Skip to content

GOST 2.1 Remote Port Forwarding

Original post: https://groups.google.com/g/go-gost/c/_-akAbTe3ho.

The previous post covered local port forwarding. This one covers remote port forwarding.

GOST's remote port forwarding is similar to SSH's -R option. Like local port forwarding, it supports UDP and forwarding chains.

Using the same scenario:

Three machines: local_host, proxy_host, remote_host

  • local_host can access proxy_host and remote_host.
  • proxy_host cannot access local_host or remote_host.
  • remote_host can access local_host.

proxy_host <- local_host <-> remote_host

Note that communication between proxy_host and local_host is one-way — local_host is behind a firewall.

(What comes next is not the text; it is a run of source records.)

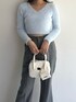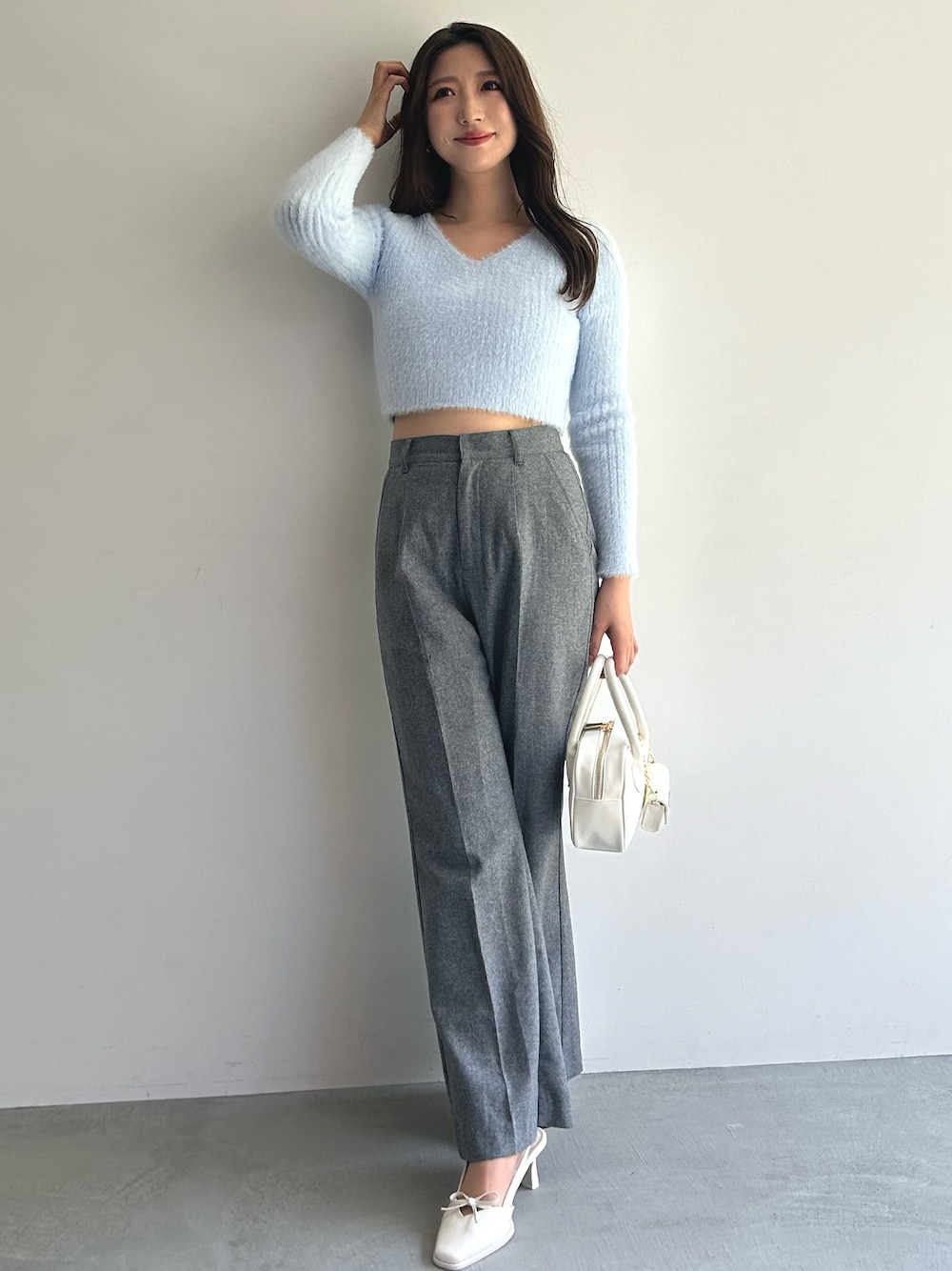 定番のシャギーシリーズに新デザインが登場しました◎ ぴたっとしたクロップド丈とVネックデザインで、膨張感もなくすっきりした印象で着用できます。 合わせたパンツはシーズンムード高める素材感のアイテム。 すっきり細見えするようなシルエットなのもポイントです。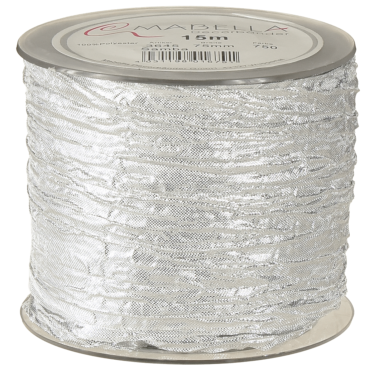 Unser Dekorband in hellem Silber ist das perfekte Accessoire für alle, die stilvolle Dekorationen für besondere Anlässe kreieren möchten. Ob als Geschenkband oder Tischband, die glänzende Knitteroptik verleiht jedem Event, sei es Hochzeiten oder Gala-Abende, einen Hauch von Glamour und Raffinesse. Hergestellt aus robusten Kunstfasern, garantiert dieses Band nicht nur Eleganz, sondern auch Langlebigkeit.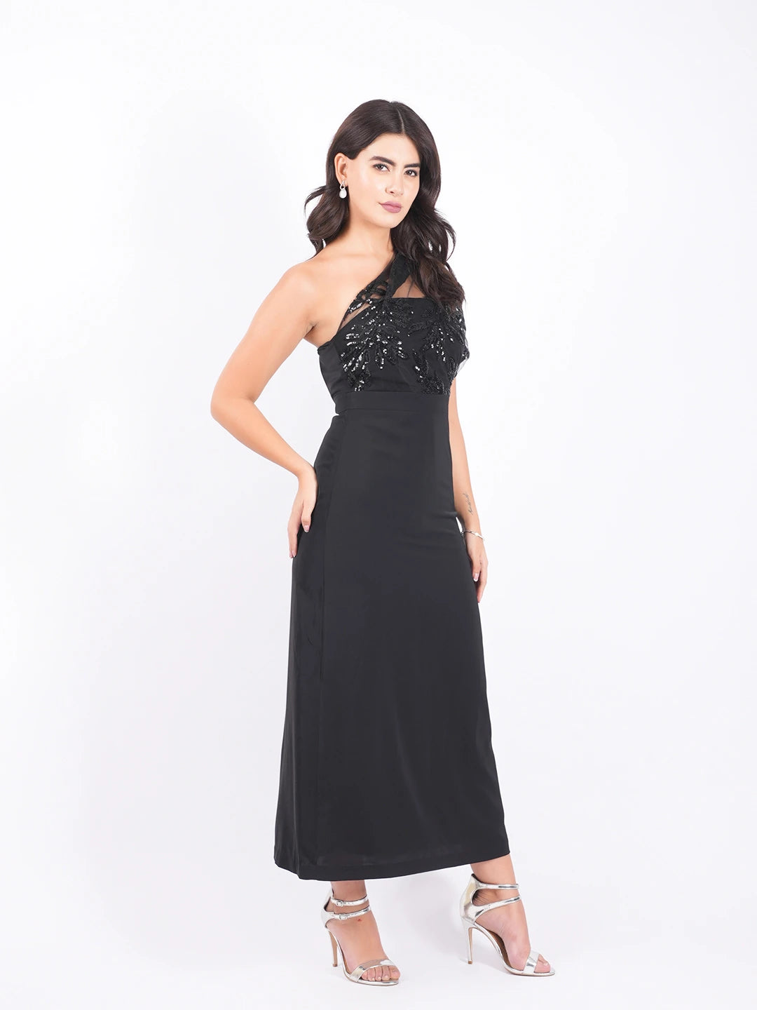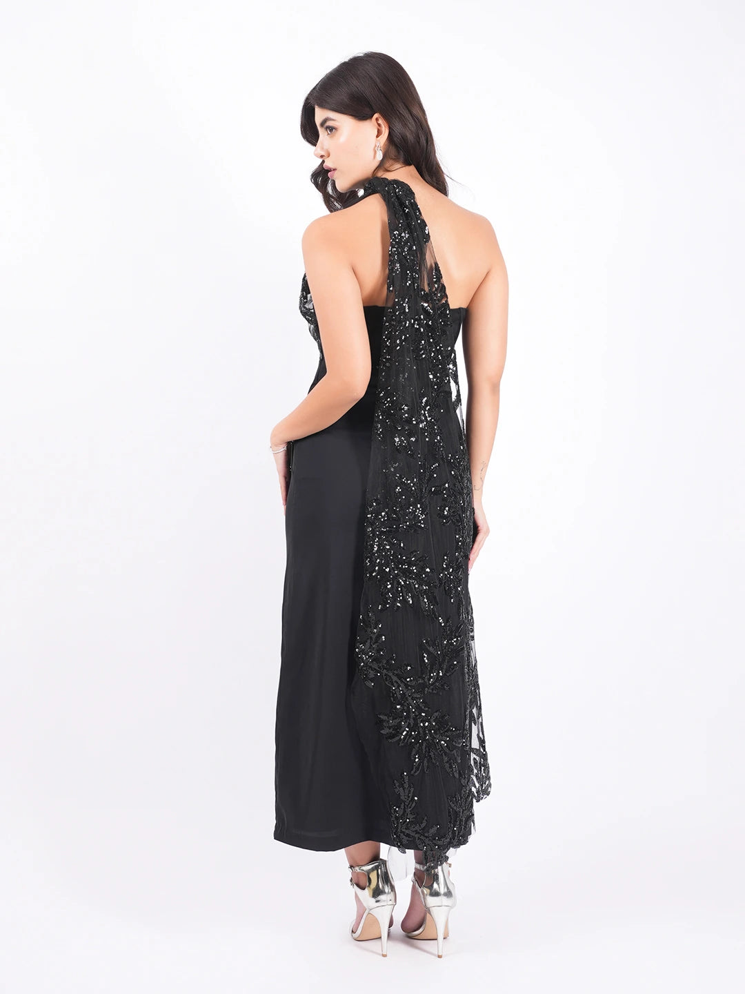 High halter neckline with soft net drape Intricate sequin leaf embroidery on bodice Concealed back zipper for a seamless fit Ideal for formal evenings, receptions, and festive events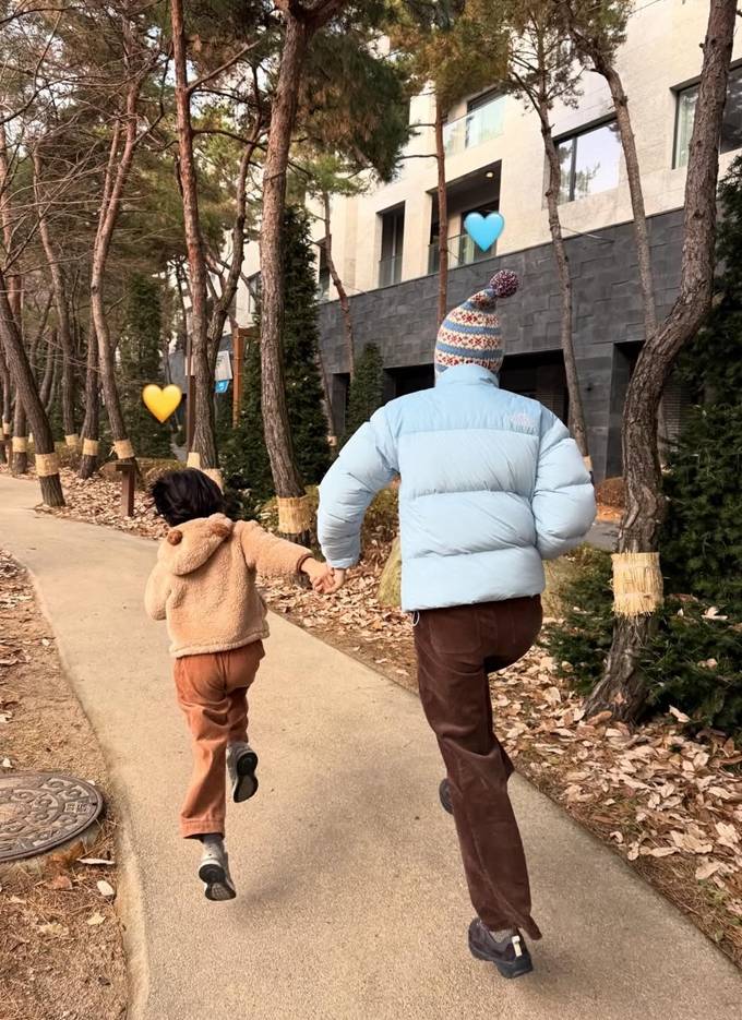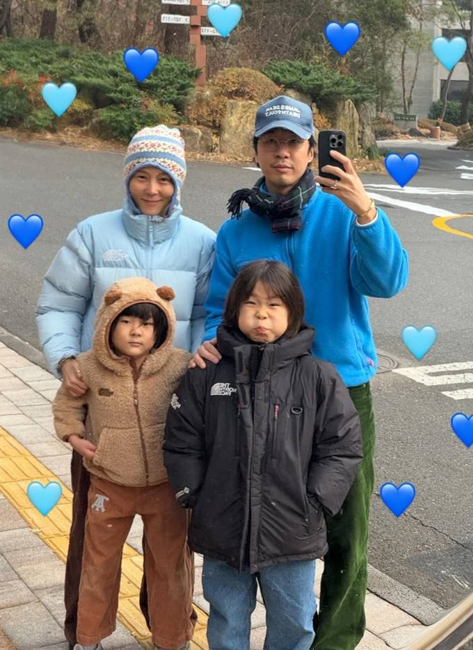 또 신우와 이준은 패딩과 뽀글이 후드 재킷을, 남편 마이큐는 뽀글이 집업 재킷에 머플러와 볼캡을 매치한 산책룩으로 훈훈한 패밀리룩을 완성했다.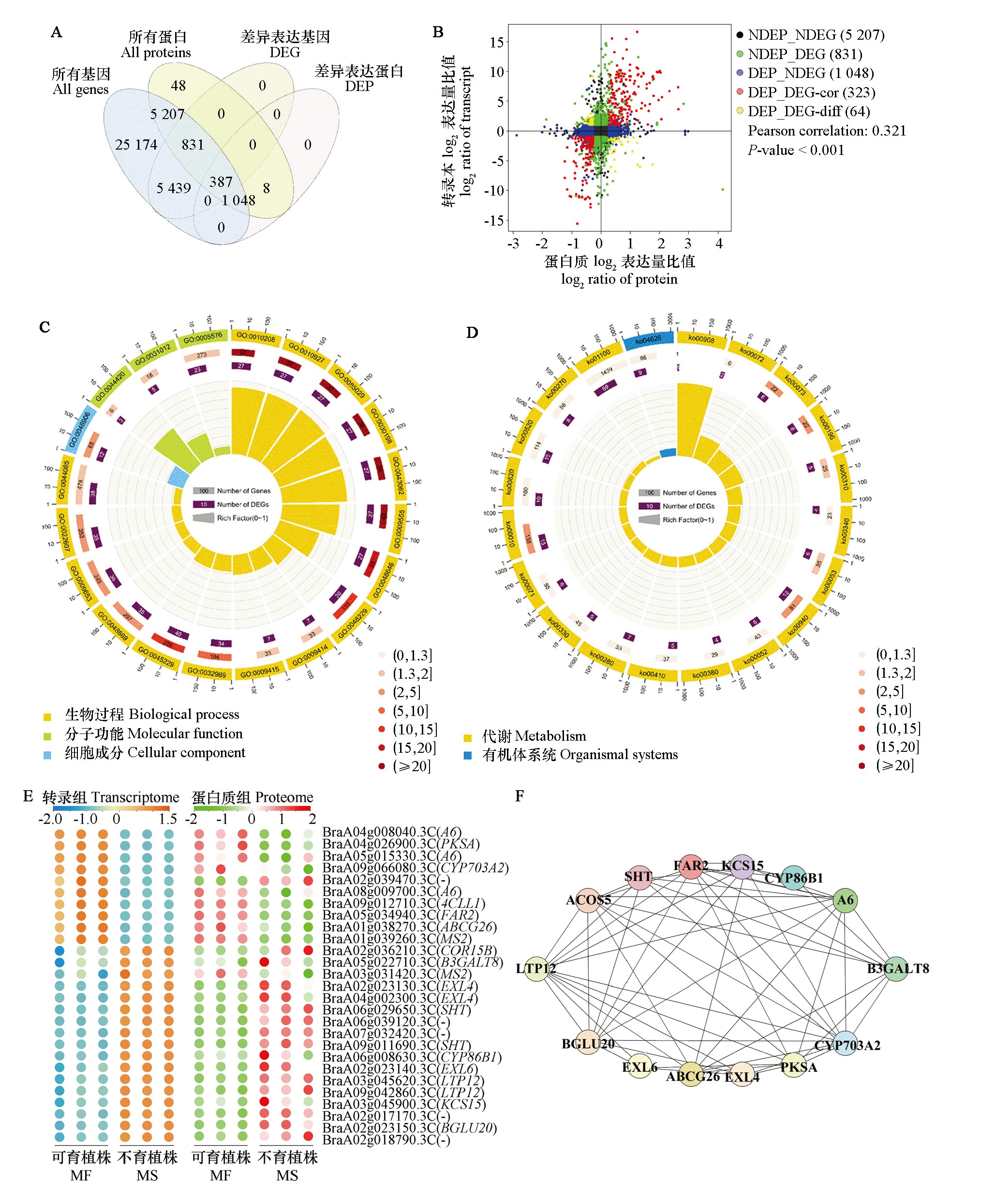 图4 乌塌菜转录组与蛋白质组联合分析 A:差异表达基因与差异表达蛋白Venn图;B:四象限图,共鉴定出2 266个可定量到的蛋白-mRNA对,NDEP表示蛋白水平不差异,NDEG表示转录水平不差异;C:GO富集分析mRNA与蛋白关联基因对;D:KEGG富集分析mRNA与蛋白关联基因对;E:花粉发育发育通路相关基因表达分析;F:花粉发育发育通路相关基因PPI网络图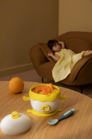 一些实用性极强的构造、细节设计也非常人性化。可以固定在桌上的稳定吸盘,宝宝自己吃拍不倒、打不翻、挪不动,家长再也不用对着满地狼藉的现场叹气了。碗口防烫隔热的可拆卸软质护套,为碗处于过热状态时提供一个触碰的缓冲带,避免宝宝碰到烫伤;护套边缘的小剐口设计意在让家长喂饭时更易刮除勺底残余食物,同时也方便宝宝自己喝汤。碗两边以天使翅膀为灵感设计的迷你把手,萌趣可爱,吸引孩子对用餐产生兴趣,同时锻炼孩子的抓握力,养成吃饭扶碗的用餐习惯。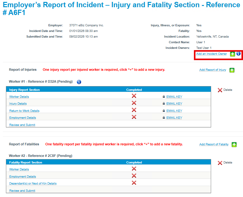 The Incident Owner is the only person with full access to an Employer’s Report of Incident – Injury and Fatality Section. They are responsible for all of the information and for submitting a completed Incident Report, as well as any Injury Report or Fatality Report required.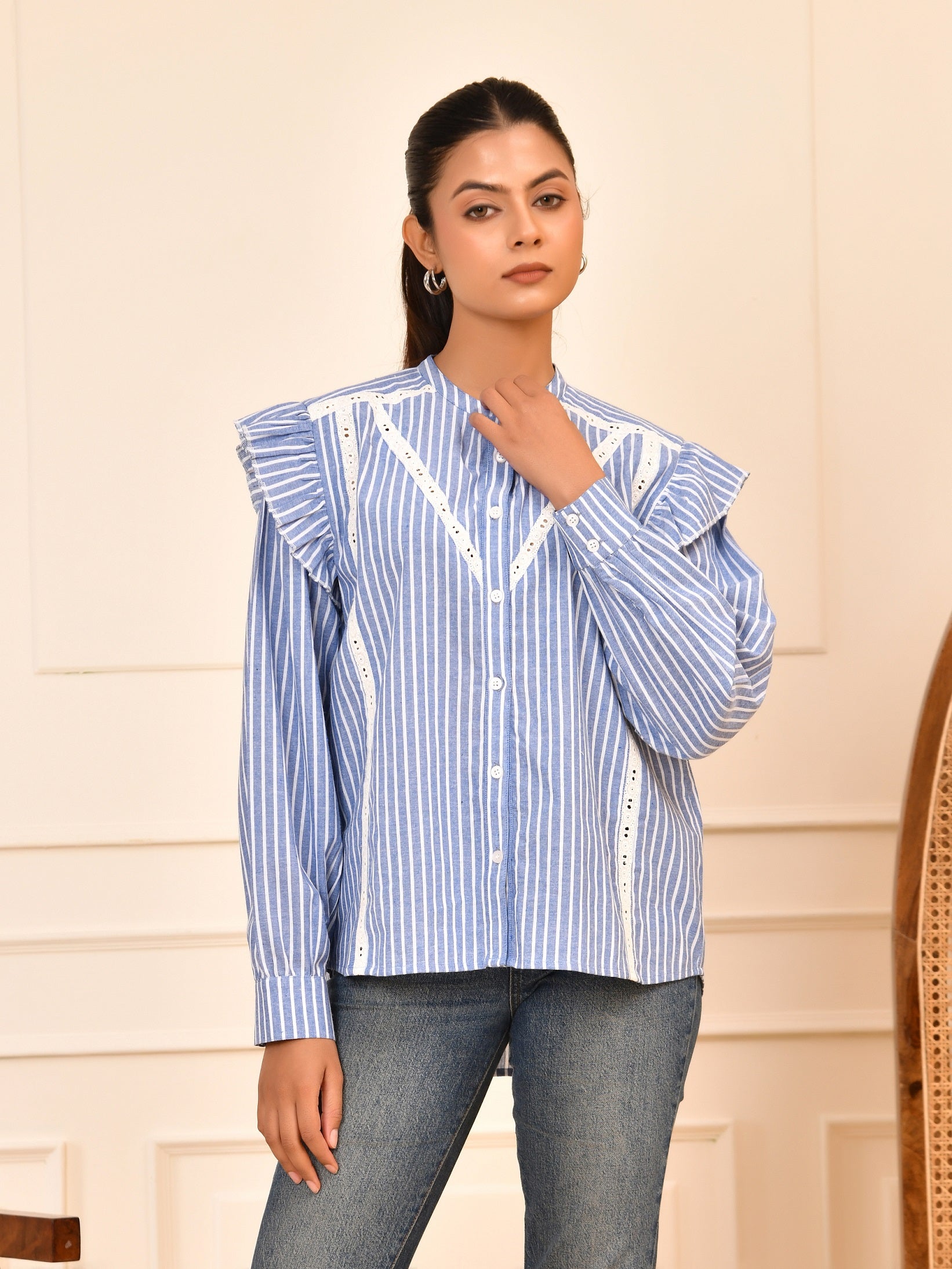Blue & White Striped Cotton Lace Detail Blouse Full Sleeves with Ruffle Design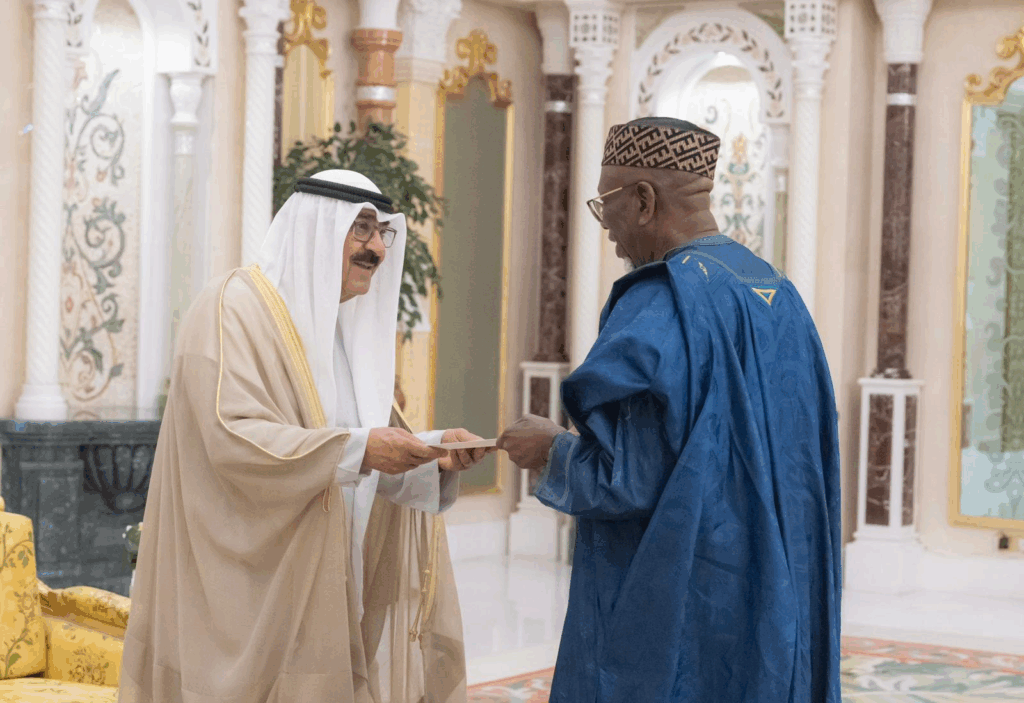 احتفل في قصر بيان صباح اليوم بتسلم حضرة صاحب السمو أمير البلاد الشيخ مشعل الأحمد الجابر الصباح حفظه الله ورعاه أوراق اعتماد كل من السفير د. آدم عبده حسن سفيرا لجمهورية النيجر والسفير د. براهيما دياكيتي كابا سفيرا لجمهورية ليبيريا والسفير باديرو أغيمون سفيرا لجمهورية بنين والسفير ميشال جوليوا سفيرا لجمهورية بولندا والسفير حسن سوغو سفيرا لجمهورية السنغال وذلك كسفراء لبلادهم لدى دولة الكويت.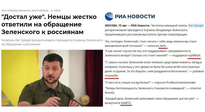 Пропагандисты уже настолько обленились. что даже не утруждают себя подобием какой-то правдивости, даже имена выдуманных немцев им придумывать лень, тупо процитировали своих ботов которые имена набирают видимо садясь задницей на клавиатуру и преподносят это как доверенный источник информации.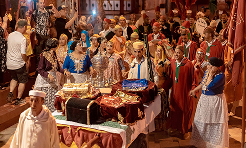 🕰️ 22h30: Début du spectacle autour de l'Aréna: Fantasia Show, Chevaliers Cascadeurs, Le Tapis volant, Danseuse du ventre, Défilé des troupes folkloriques...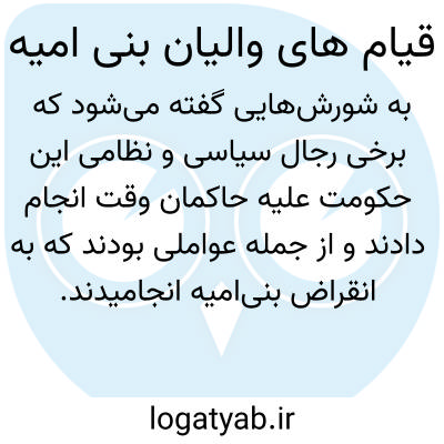 [ویکی فقه] از جمله مسائلی که در حکومت ظالمانه بنی امیه حائز اهمیت است و در انقراض بنی امیه جایگاه مهم و ویژه ای دارد شورش های متعددی بود که از دل این دولت ایجاد گشت، به این معنا که برخی رجال سیاسی در این دولت بر علیه حاکمان زمان خود دست به قیام زدند که از آن جمله می توان به شورش های عبدالرحمن بن اشعث و موسی بن عبدالله خازمی و زنگیان و سایر موارد اشاره کرد.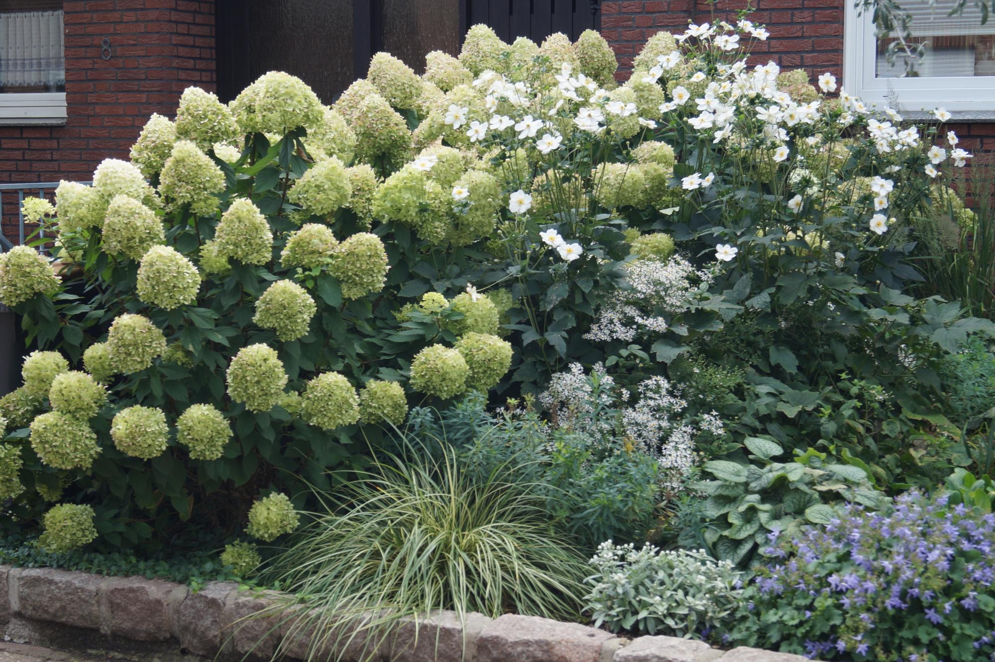 Ein schönes Beispiel, dass ein Vorgarten sehr pflegeleicht gestaltet werden kann. Bereits nach kurzer Zeit hat sich die Bepflanzung so gut entwickelt, dass der Boden gut bedeckt ist – da hat Unkraut wenig Chancen. Wirklich spannend ist außerdem wie sich dieser Vorgarten jahreszeitlich verändert! Das Ehepaar aus Bocholt ist begeistert. Schauen Sie selbst….

TCP Remote Port Forwarding

To SSH from proxy_host to remote_host, run this on local_host:

gost -L=rtcp://:2222/remote_host:22 -F=socks://proxy_host:1080

This assumes proxy_host has a GOST SOCKS5 proxy on port 1080. GOST connects to proxy_host through the chain and instructs it to listen on TCP port 2222. When you SSH to proxy_host:2222, it connects to remote_host:22:

ssh -p 2222 root@localhost

UDP Remote Port Forwarding

To access the DNS service on remote_host from proxy_host, run this on local_host:

gost -L=rudp://:5353/remote_host:53 -F=socks://proxy_host:1080

GOST connects to proxy_host through the chain and listens on UDP 5353. Sending UDP data to proxy_host:5353 forwards it to remote_host:53:

dig @localhost -p 5353 www.google.com

Note: TCP remote port forwarding uses the SOCKS5 BIND protocol, so the last hop must be SOCKS5. UDP remote port forwarding uses UDP-over-TCP, so the last hop must be GOST SOCKS5.